The numbers were fine even after the first clown jumped out, tested afterward to see if there were any problems. I haven't added anything except the shrimp and clown. 

As for the status, I did a 1.5 gallon water change upon arriving home. Ammonia back to 0ppm, nitrates down to about 5-7 ish. Nitrites 0, ph 8.3.

The fish has mellowed way out since this morning. Still acting up a little, but is usually relaxing by my candy canes. He also ate when I fed him this evening, unlike last night and this morning. 

Also, it seems as tho as he/she is always against the glass, every so often something will float by and hell bite at it.. is it possible it wants another clown?


----------



## Pasfur (Mar 29, 2008)

Fish often press against the glass when stressed. This is not unusual. Adding another clown clown would be very high risk in a small aquarium.

It sounds like things are settling down to normal. That your fish ate is a very big positive. I suspect that your ammonia will drop back to zero today or tomorrow. If I had to form a theory, I would say that your alkalinity is low, allowing for the pH to bounce overnight to a lower level than normal, causing stress on a newly introduced fish. 

A lot of hobbyists do not realize that pH is not a fixed number. There is a pH range that occurs every day, based on the light cycle, with the pH being at its lowest point immediately prior to turning on the lights. This can be even more enhanced in a small aquarium with bright lights. Testing for alkalinity will help you control the pH swing. You adjust alkalinity with a buffer. You add buffers based on the calcium test results, adding either a carbonate buffer or calcium chloride, to balance the major salt ions that make up saltwater. Every marine hobbyist needs to be testing for alkalinity and calcium weekly for the purpose of maintaining a stable environment that resembles the natural ionic balance of the ocean. You did not post an alkalinity result, so I am guessing that this is not part of your routine.


----------



## Arkamaic (May 28, 2009)

No, its not, at least till now. Will pick up some more test solution on the way home. Probably just pick up another API master reef kit.
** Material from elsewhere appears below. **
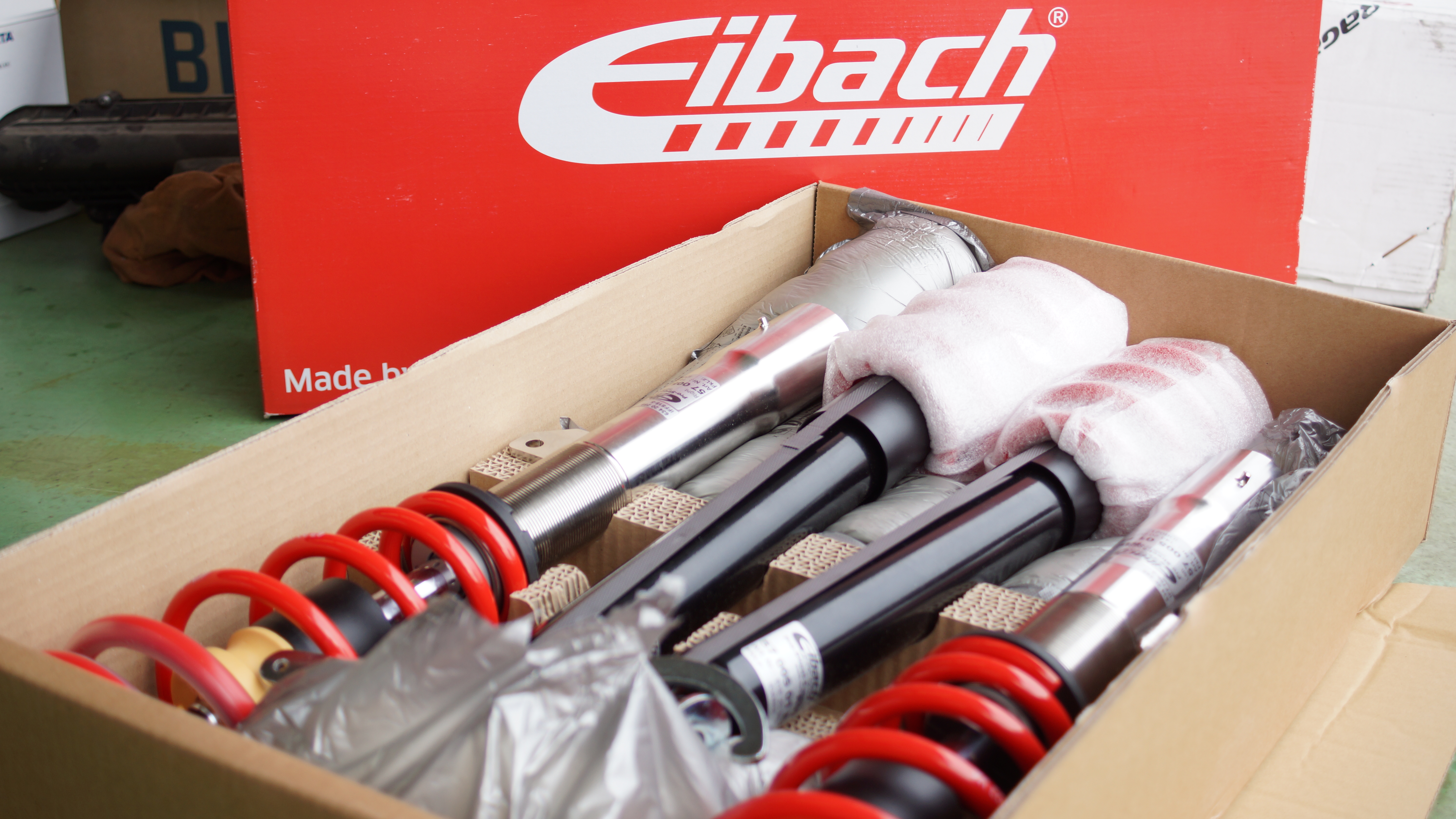 先ずは、ずっと下げたかった!と言う事で、Eibachローダウンスプリングにてローダウンです。

Are there any buffers that you would recommend??

Thanks for all the help so far with this situation too, Pasfur.


----------



## Pasfur (Mar 29, 2008)

I personally use Kent Marine Super Buffer DKH and Kent Marine Liquid Calcium Chloride. You need both, because the entire buffer system depends on the relationship of calcium to the other buffering ions. 
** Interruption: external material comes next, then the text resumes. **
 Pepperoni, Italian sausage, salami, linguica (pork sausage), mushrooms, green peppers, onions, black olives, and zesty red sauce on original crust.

I aim to keep my alkalinity at 8-12 dkh and Calcium at 400-460ppm.


----------



## Arkamaic (May 28, 2009)

Ok, well great news. Clown has finally hosted on the mushrooms in the center of my tank. =D movements are much smoother, and well as slower. It's awesome that it hosted. my last one didn't.

And perfect. Thats what the LFS recommended as well. So I got it, and plan on aiming towards those numbers there. =D


----------